During data preparation, teams should evaluate data quality characteristics from TS 25058, documenting data provenance, assessing representativeness, and verifying label quality. Data quality issues discovered at this stage are far less costly to address than issues discovered after model deployment.
During model development and evaluation, the model quality characteristics provide a comprehensive evaluation framework that goes beyond simple accuracy metrics. Teams should evaluate models across all relevant characteristics — robustness, explainability, fairness, and uncertainty — not just predictive performance. This multi-dimensional evaluation often reveals trade-offs: improving robustness may slightly reduce accuracy, and increasing fairness may require accepting higher error rates for some groups. These trade-offs should be documented and managed explicitly.

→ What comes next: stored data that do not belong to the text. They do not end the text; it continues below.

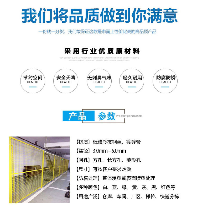 车间隔离网:也叫仓库隔离带 车间防护网1 .材质:Q235低碳冷拔钢丝或者电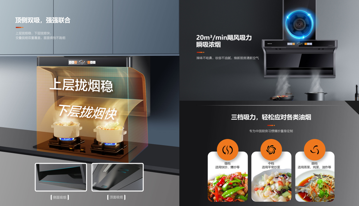 頂側(cè)雙吸、外觀出眾、性能一流!一款優(yōu)秀的煙機(jī),不僅能夠輕松解決廚房油煙問(wèn)題,更能把生活里的詩(shī)和遠(yuǎn)方裝點(diǎn)進(jìn)沉悶廚房,揉入三餐四季,烹出心生歡喜!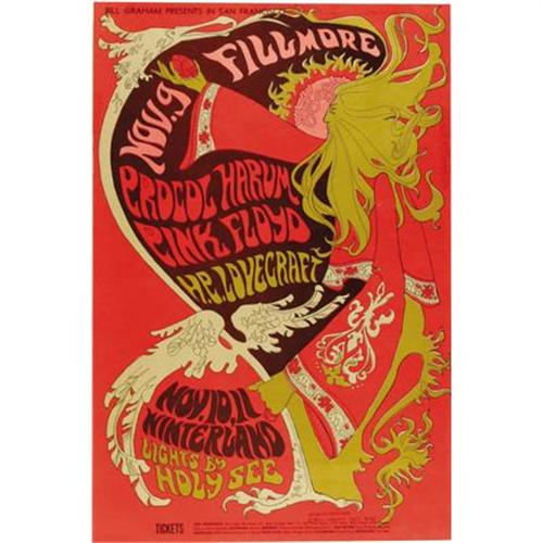<B>Procol Harum/Pink Floyd Fillmore/Winterland Concert Poster BG-92 (Bill Graham, 1967).</B></I> This very attractive poster, featuring a trio of fine psych/progressive rock bands (H. P. Lovecraft was the third on the bill), was only printed once. This example would grade at NM, save for some masking tape residue on the back of the poster, which has begun to seep through the upper front edges, and a very minor lower right corner crunch. Poster now grades VG+, and measures 14" x 21".<BR><BR><b>Shipping:</b> Framed - with Glass, Medium (<a target="_blank" href="http://www.heritageauctions.com/common/shipping.php">view shipping information</a>)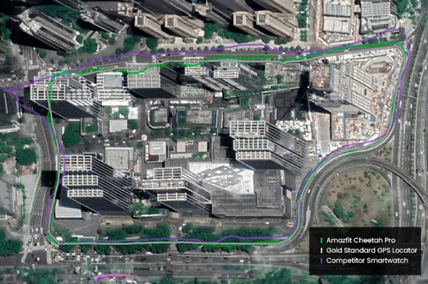นอกเหนือจาก MaxTrack™ เทคโนโลยีชั้นนำของอุตสาหกรรม ซึ่งใช้ทั้งสัญญาณดาวเทียม L1 และ L5 เพื่อระบุตำแหน่งแบบดูอัลแบนด์ที่แม่นยำแล้ว สมาร์ทวอทช์ซีรีส์ อเมซฟิต ชีตาห์ ยังรองรับระบบดาวเทียมหกระบบเพื่อให้ครอบคลุมผู้ใช้งานทุกพื้นที่ที่พวกเขาต้องการวิ่ง เพื่อนำความแม่นยำที่น่าทึ่งนี้ไปใช้ในแบบเรียลไทม์ ผู้ใช้งานสามารถนำเข้าข้อมูลเส้นทางและลงสีแผนที่ออฟไลน์บนพื้นที่กิจกรรมที่วางแผนไว้ได้จากแอปพลิเคชัน Zepp เพื่อการนำทางที่แม่นยำจากข้อมือและเพิ่มการรับรู้ทิศทางขณะวิ่ง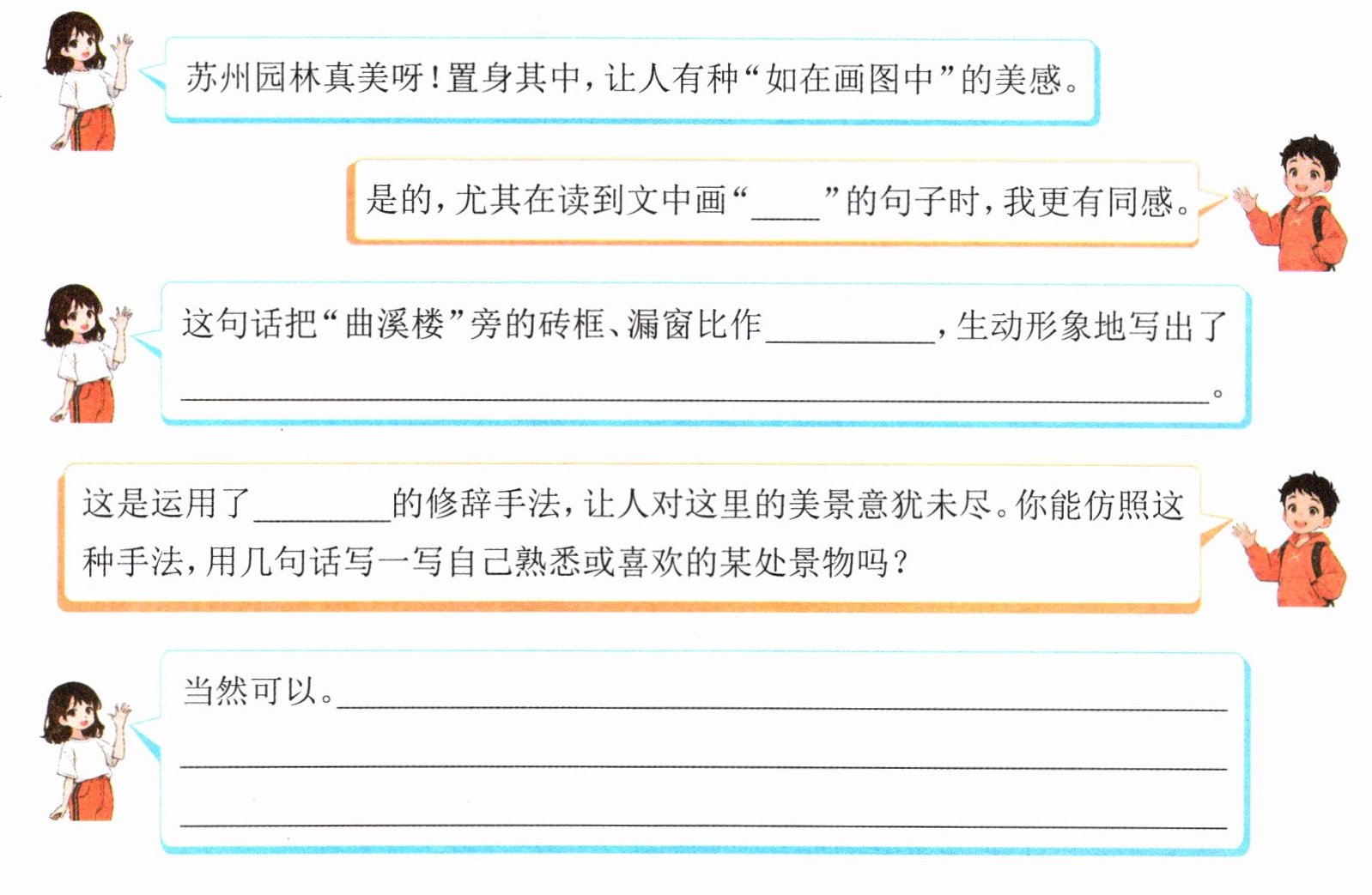 4. 读一读文中画“”的句子,把对话补充完整。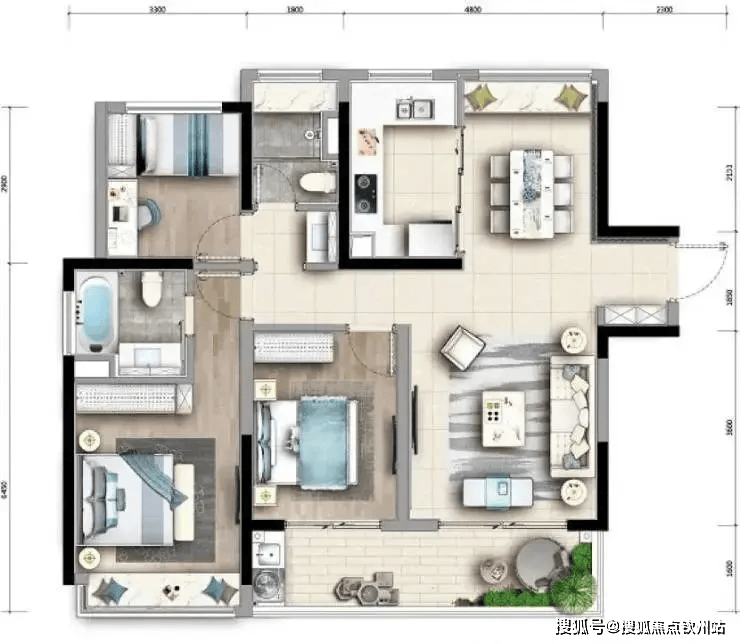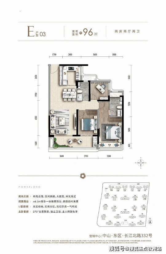 96㎡三房两厅两卫:总价约 115 万起,刚需首选,双阳台,通风采光佳。

During deployment and operations, TS 25058 guides the implementation of continuous monitoring for model quality degradation. Key monitoring elements include data drift detection, prediction distribution monitoring, and regular retraining triggers. The specification emphasizes that AI system quality is not a one-time evaluation but a continuous process that must keep pace with changing data distributions and operational contexts.
For engineers implementing TS 25058, a practical starting point is to create an AI system quality specification document that maps each relevant quality characteristic from the model to specific measures, target values, evaluation methods, and monitoring approaches. This document serves as the quality contract between development teams, operations teams, and business stakeholders, establishing shared expectations for AI system behavior across its operational life.